Even her voice was different. Her voice was laced with a smooth and bassy tone like a jazz singer, further marking her as utterly different from the rest of her family.
Talk about a black sheep!
“We found something special. A dungeon core.” Ma nodded toward me, and the other female troll’s eyes widened.
Bertha approached the mantelpiece, and her fingers stroked my sides. Her fingertips were rough and calloused, but warm and surprisingly pleasing.
“No touching!” Ma commanded. “He’s not for—actually, I be having an idea. Come over here, Bertha. There be something I want to tell you.”
Bertha approached her mother, and they whispered together for a while. Extending my senses was too straining, and I decided to conserve my energy so I could play the long game. Whatever they murmured to each other was lost to me.
I wasn’t sure when Gavin would arrive, but I rested while the trolls ate their meal and sang a few songs. Bertha joined in reluctantly, and I spent my time trying to distinguish her jazz tone beyond Ma’s screeching and Jeff’s warbling.
Eventually, the songs concluded, and Ma was the only troll left in the main chamber. My consciousness soon filled with the sound of her snoring. Rested and ready, I reached out with my sight and saw Ma sleeping in her rocking chair. I guessed Bertha and Jeff had retired to bedrooms elsewhere in the grotto.
I checked my timer and felt a flood of elation when I saw it had refreshed. This hour-long time limit was a serious problem, and I needed to extend it as soon as possible. I waited a few seconds and pieced together the best plan I could cook up.
Ma was obviously guarding me by the fireplace. She hadn’t mentioned anything about my ava
tar, and I wondered whether her lack of knowledge about dungeons also meant she didn’t know I could summon one. Jeff also had made no connection between the elf he had seen and my jewel.
The best working guess I had was that the trolls didn’t know I could summon Von Dominus.
A bunch of knives, cleavers, and other carving tools lay on the benchtop. That’d be my first point of call—I could grab a few as soon as I entered my avatar and then deal with Ma swiftly while she was still sleeping.
Or at least, do my damn best to put her down.
Then I could handle Jeff and Bertha. They were stronger than me, so I’d have to take a stealthy approach. I could just book it without them noticing, but if I made it my mission to gore their mother in her sleep, it stood to reason they’d come after me. At least a gruesome death would send a message to Gavin and the guild.

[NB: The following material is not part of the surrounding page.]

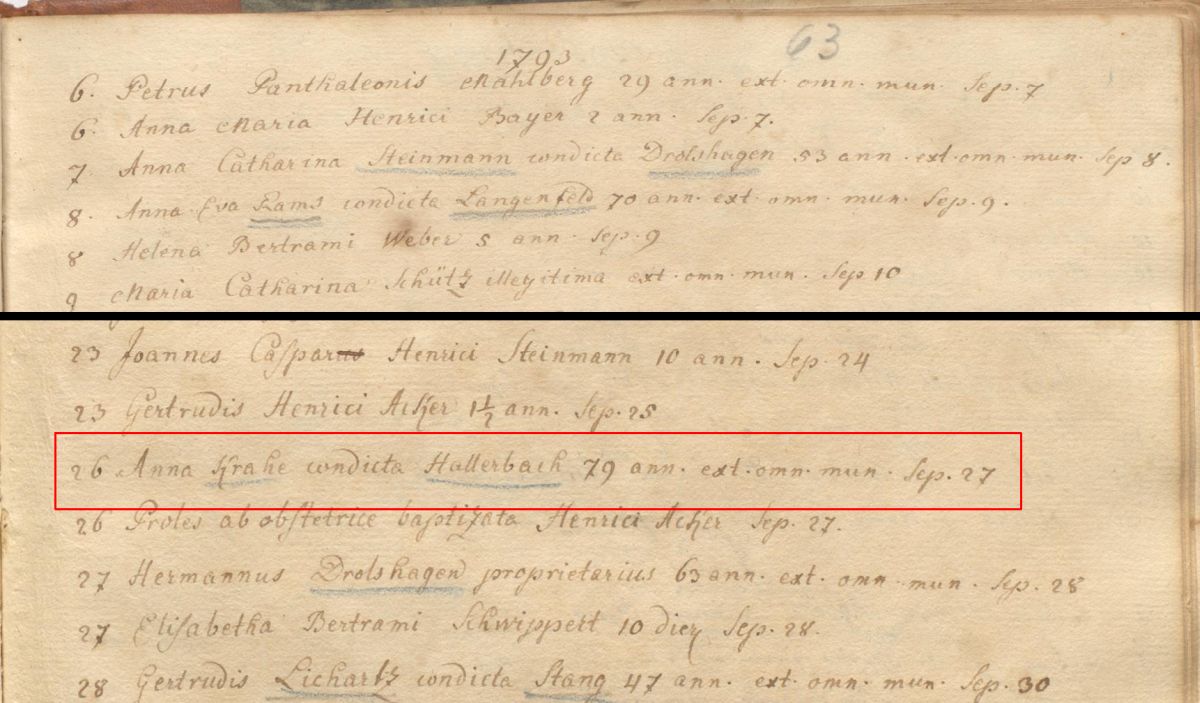 Sterbeeintrag Kirchenbuch Seite 63 des Jahres 1793 der katholischen Kirche St. Johann Baptist zu Honnef

I wasn’t a dungeon core to be messed with.
I summoned my avatar. The elf materialized, unblinking and still, and I felt a rush of anticipation at the prospect of again owning a mobile body. I extended my consciousness to the avatar and then infused it into him.
Ma maintained her snoring and didn’t stir at all. Blinking, I flexed my hands, rolled my shoulders, and let my senses adjust to their new surroundings. Now, I could smell the revolting meat spitted over the fire and feel the warmth through actual skin instead of crystalline fractals.

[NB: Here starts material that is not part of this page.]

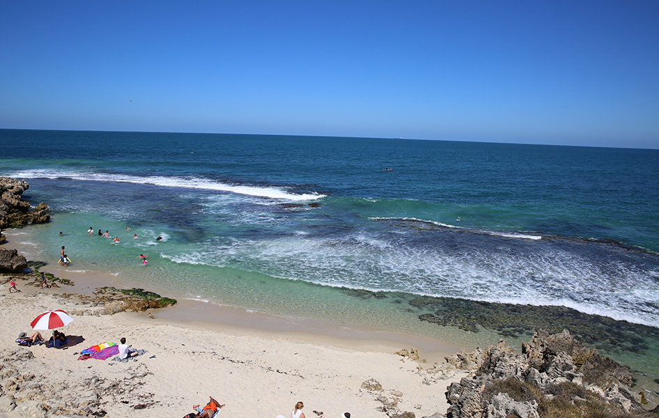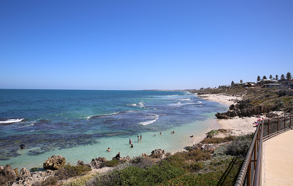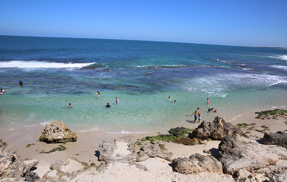 Hamersley Pool is located on the corner of Hamersley Street and West Coast Drive, 1.6km from Trigg Beach. It is a reef-enclosed, tidal pool that attracts snorkelers and swimmers, and is a popular location for families.

I grabbed my dungeon heart from the mantelpiece when the hackles on the back of my neck stood up.
“Going somewhere?” The formerly unconscious troll popped her head up as soon as I turned around.

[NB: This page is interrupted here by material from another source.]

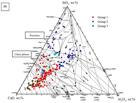 Among the crystalline phases of the narrow fraction annealed at 1200 °C, the wollastonite phase is absent, while the phase of another calcium silicate, Ca2SiO4 larnite (47%), is present in a significant amount. The analysis of both the total chemical composition of the fraction and the composition of the glass phase in the coordinates of the ternary system CaO–SiO2–Al2O3 (Figure 4b) shows that the total composition of the fraction is found in the region of primary crystallization of the wollastonite phase CaSiO3, while the composition of the glass phase is observed in the region of primary crystallization of the larnite phase Ca2SiO4. The compositions of individual microspheres of Group 1 and Group 2, respectively, are localized in the same areas. It can be assumed that the formation of the wollastonite phase is an intermediate stage in the high-temperature formation of such phases as larnite and other calcium silicates/aluminosilicates. Thus, during the synthesis of glass-ceramic samples in the high-temperature region T > 700 °C, the following thermochemical transformations occur in the dispersed microspheres:

So much for asleep. Shit. They knew about the avatar. Well, I couldn’t do anything except play it cool. I relaxed, smiled, and bared my fangs at her as charmingly as I could. There was no need to turn this into a fight if it didn’t need to be one.
I attempted to move when I felt someone horrifyingly strong catch me in some kind of armlock, twisting my shoulder until I could feel my bones grind together.
“Hello, Mr. Core,” Bertha murmured behind me. “We’re gonna have a good time.”